Cole Ragans, American League Cy Young Award
As with the question of who should be the third NL MVP nominee, the question of the third AL Cy Young finalist is simply for fun. Detroit’s Tarik Skubal will justly win. Ragans’ teammate, Seth Lugo, and Cleveland reliever Emmanuel Clase were also nominated.
The case for nominating a reliever ahead of a good starter almost always boils down to one number: Win Probability Added. Because they tend to pitch in what are perceived to be high leverage situations, that number can greatly favor closers.
In this instance, Clase’s 6.4 Win Probability Added dwarfs Ragans’ 2.3 WPA.
The rest of the story, however, all favors Ragans. He had a 4.9 WAR, a half point better than Clase’s 4.4.
Likewise, Ragans pitched 186 innings and faced 762 opposing batters. Clase isn’t even close in those categories, at 74 innings pitched and 270 opposing batters faced.
Clase’s 47 saves and 0.61 ERA are certainly impressive, and probably the reasons why he got his nomination. Well, that and the fact that the Royals already have a nominee in Lugo.
But Ragans had an ERA in the low 3s over a lot more innings. And although closers often have an edge in the very sexy strikeout category, Ragans wins that one, too, at a league-leading 10.8 K/9 compared with Clase’s 8.0.

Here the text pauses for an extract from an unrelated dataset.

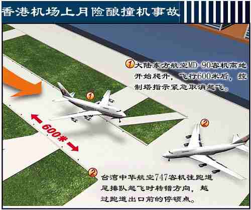 圖文:臺灣客機香港機場入錯道險撞大陸客機 2001年06月01日 10:22 ![]() 中新網香港6月1日消息:上個月二十三日,香港新機場險些發生撞機意外。臺灣中華航空一架正在跑道滑行的波音747-200飛機,誤闖跑道保護區,差點與當時正在跑道加速起飛的大陸東方航空MD-90客機碰撞。香港民航處控制塔職員發覺,立即通知東航客機緊急煞停,及時化解一場危機。 香港民航處官員昨天指出,這場意外沒有人受傷,但是民航處已要求臺華航提出解釋。 據報道,這架東航編號MU512號客機原預定飛往寧波,當時在機場南跑道已高速滑行六百米,準備起飛;機師突然接獲控制塔通知,有一架華航客機的機頭相當接近跑道末端,要求東航客機緊急煞停。 東航客機煞停后,駛入滑行道,重新等候起飛。華航客機也被命令離開跑道支路,沿滑行道前行至跑道尾端,等待起飛。 雖然事件沒有乘客受傷,但東航機上乘客表示,當飛機緊急煞停時,機內情況非;靵y,乘客尖叫,但幸好所有乘客都綁上安全帶,沒有人被拋出座位,只是有不少乘客在座位上向前沖。 編號CI641的臺灣華航客機,機上載有202名乘客,預定飛往曼谷。事發時,華航客機正在跑道末端的滑行道“排隊”等候駛入跑道;但因機頭轉錯方向,面向跑道。 香港民航處發言人承認,華航客機因轉錯方向,超越跑道的停頓點(跑道與滑行道之間的緩沖區);而跑道另一端有一架東航客機駛近,控制塔人員為安全計,要求東航客機緊急煞停。 香港民航處發言人強調,即使華航客機機頭超越停頓點,過于接近跑道,但與跑道仍有七十公尺距離,與東航客機逾三千公尺距離;而東航客機屬較小型飛機,毋須滑行到跑道末端才起飛,就算控制塔不采取行動,也不會出現兩架客機碰撞的意外。控制塔要求高速滑行的飛機取消起飛程序,是正常的預防事故措施。 民航處發言人表示,此次華航客機機頭超越跑道停頓點事件,過去很少發生;而塔臺人員并未向華航客機機師發出不正確指示,民航處已要求有關航空公司提交書面解釋。中華航空及東方航空公司香港辦事處均拒絕對事件評論,東方航空也拒絕透露客機上的乘客人數。據悉,當天東航使用的MD─90客機,可載客175人。

Jarren Duran, Boston Red Sox, AND Gunnar Henderson, Baltimore Orioles, AL MVP
Aaron Judge will win and Bobby Witt will finish second in this race, and there should be no argument with that placing. So the issue, yet again, comes down to who’s in third.
The voters went with the safe pick, nominating Yankees outfielder Juan Soto. That’s understandable, as Soto led the league in runs scored, produced a .989 OPS and played a key role on the AL pennant winner.
But either Henderson or Duran was arguably a better choice.
Player | Average | OPS | WAR | WPA | DRS |
---|---|---|---|---|---|
Duran | .285 | .834 | 8.7 | 2.4 | 23.0 |
Henderson | .281 | .893 | 9.1 | 3.0 | 5.0 |
Soto | .288 | .989 | 7.9 | 5.9 | 1.0 |
Largely due to his power and patience at the plate, Soto comes out on top in OPS and Win Probability Added. Yet Duran is far and away the superior outfielder, and since defense is a component of WAR, he and Henderson both lead Soto in that category.
The obvious problem with Duran’s candidacy is that while Soto was making a splash in Gotham, he was playing for a .500 Boston team. As always, it simply appears that voters continue to dig the long ball. Soto hit 41 homers, four more than Henderson and nearly twice as many as Duran’s 21.